With Weber incarcerated, elements of the former Bund Oberland continued to operate clandestinely. Seeking to maintain his independence and freedom of action, Weber ordered former members to refuse attempts to integrate them into the Frontbann, an SA front organization being organized by Röhm. Instead, a successor organization to the Bund called the Deutscher Schützen- und Wanderbund (German Shooting and Hiking League) was established on 20 July 1924. An investigation by the Bavarian state prosecutor found grounds to charge Weber and the leaders of this organization with continuing to effectively operate the Bund in violation of the ban. Consequently, he was not paroled in December 1924 when Hitler left Landsberg.

=== Release from prison and resumption of leadership ===
By early 1925, Weber was released from imprisonment under terms of a general amnesty, passed his district level professional examination and returned to work at the Veterinary Medical Clinic and the Institute of Veterinary Pathology in Munich. He moved to Berlin in 1926 and, in the autumn of that year, established himself as a veterinarian at Euerdorf in Lower Franconia where he practiced until 1933.
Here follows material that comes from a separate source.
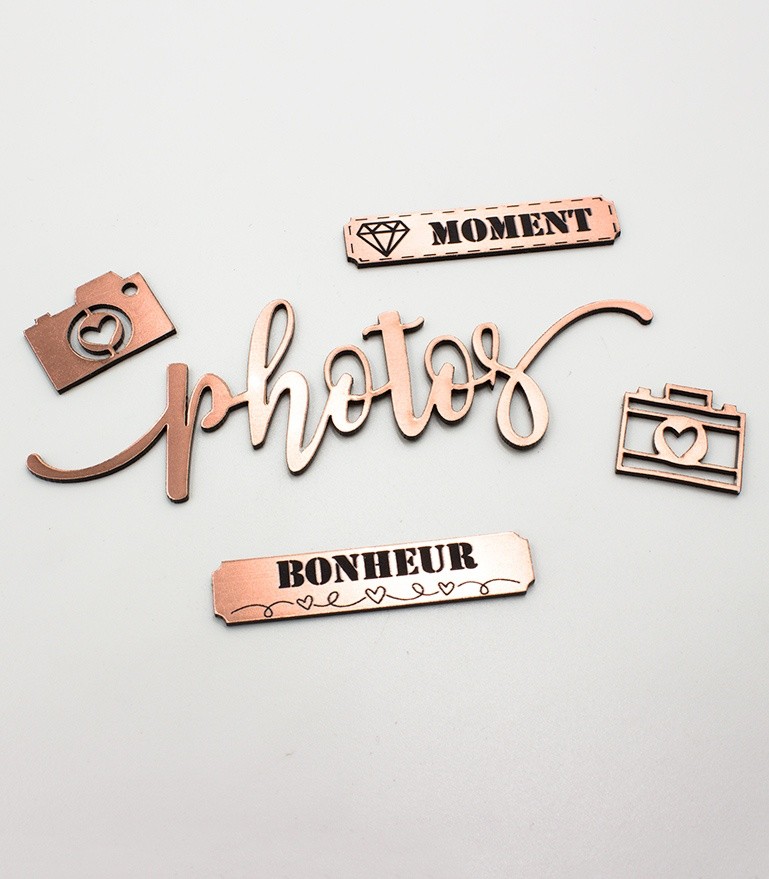 Cette découpe en Acrylique Rose Gold du mot "Selfie" vous permet d'embellir toute page de scrapbooking, couverture d'album, carte, objet home déco selon votre imagination.

Following the lifting of the ban on the Bund Oberland on 14 February 1925, it was re-founded on 13 March and Weber officially resumed the leadership. However, due to the improving economic situation and the resulting increased stability of the republic, the Bund, along with other anti-republican paramilitary units, experienced a loss of membership and influence over the next few years. Serious fissures developed within the Bund, with Weber favoring closer ties with the Nazis, and others supporting National Bolshevism. After unsuccessfully attempting to incorporate the Bund Oberland into the Nazi Schutzstaffel (SS), Weber announced his resignation as Bundesführer on 7 November 1929. Weber joined the Nazi Party on 1 September 1932 with membership number 1,310,670, and later was awarded the Golden Party Badge.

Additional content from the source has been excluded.